The EU-funded VIRGIL network has tested 437 samples of the A (H1N1) flu virus strain between November 2007 and January 2008 in 18 European countries - of which 59 from nine different countries have become resistant to oseltamivir, 26 of them from Norway out of 37 that were sent for testing (in Norway).

Norwegian authorities, as soon as this high level of resistance to oseltamivir in the A H1N1 viruses became evident, notified other EU nations as well as the WHO (World Health Organization).

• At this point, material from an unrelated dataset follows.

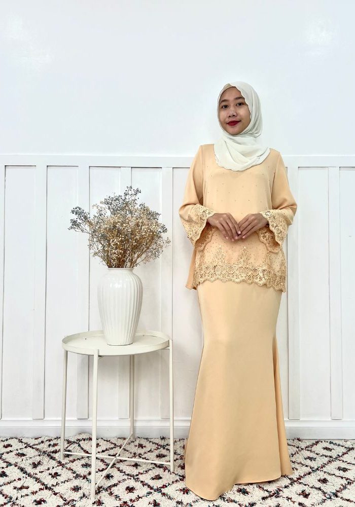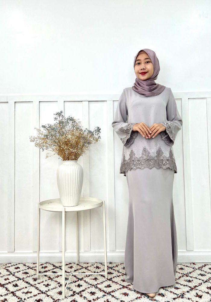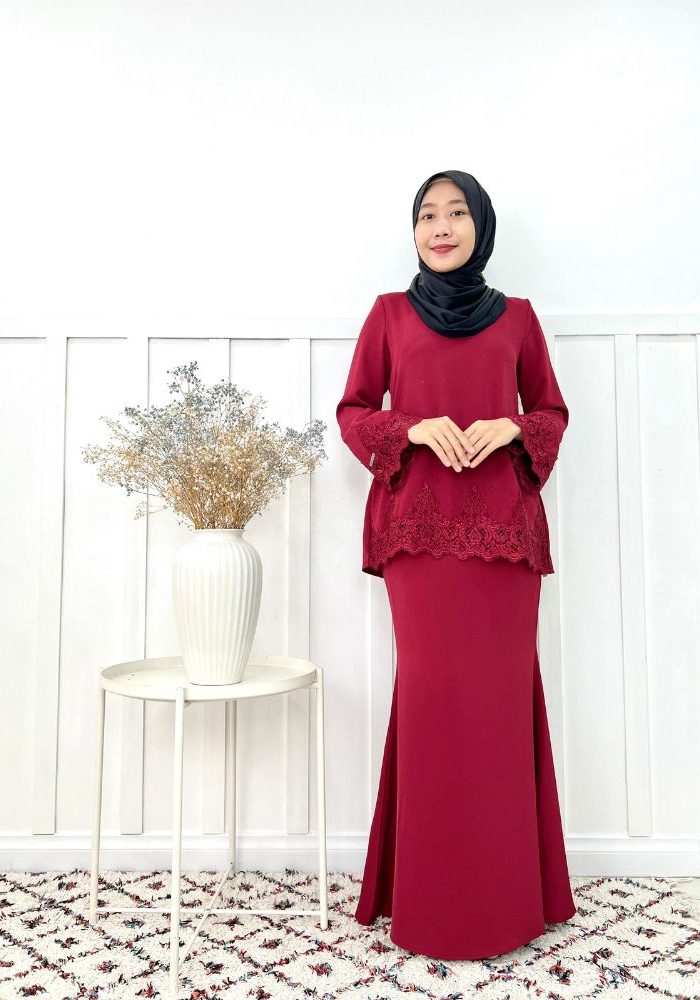 Code : BJK 20195 Material : Matte Dubai Cutting : Kurung Kedah with Mermaid Skirt Embelishment : Lace Patch on Sleeve and Top

An advisory to doctors and the general public has been issued by Norwegian authorities (advisory in Norwegian).

The significance of this latest data from the VIRGIL network is being assessed by experts from ECDC (European Center for Disease Prevention and Control), the European Commission, and WHO. Authorities say an interim joint-assessment will be issued soon, based on the preliminary results.

It is not possible at this stage to be precise as to how widespread and at what level influenza virus resistance to Tamiflu is in Europe. Experts suggest that resistant is significant throughout the continent, but perhaps not as high as it is in Norway.

Patients who become infected with the A (H1N1) flu virus strain do not seem to become sicker than those infected with "normal" seasonal influenza, the ECDC reports. Nevertheless, one should bear in mind that influenza A can be a serious and life-threatening illness for the elderly, the very young, and for those with debilitating illnesses.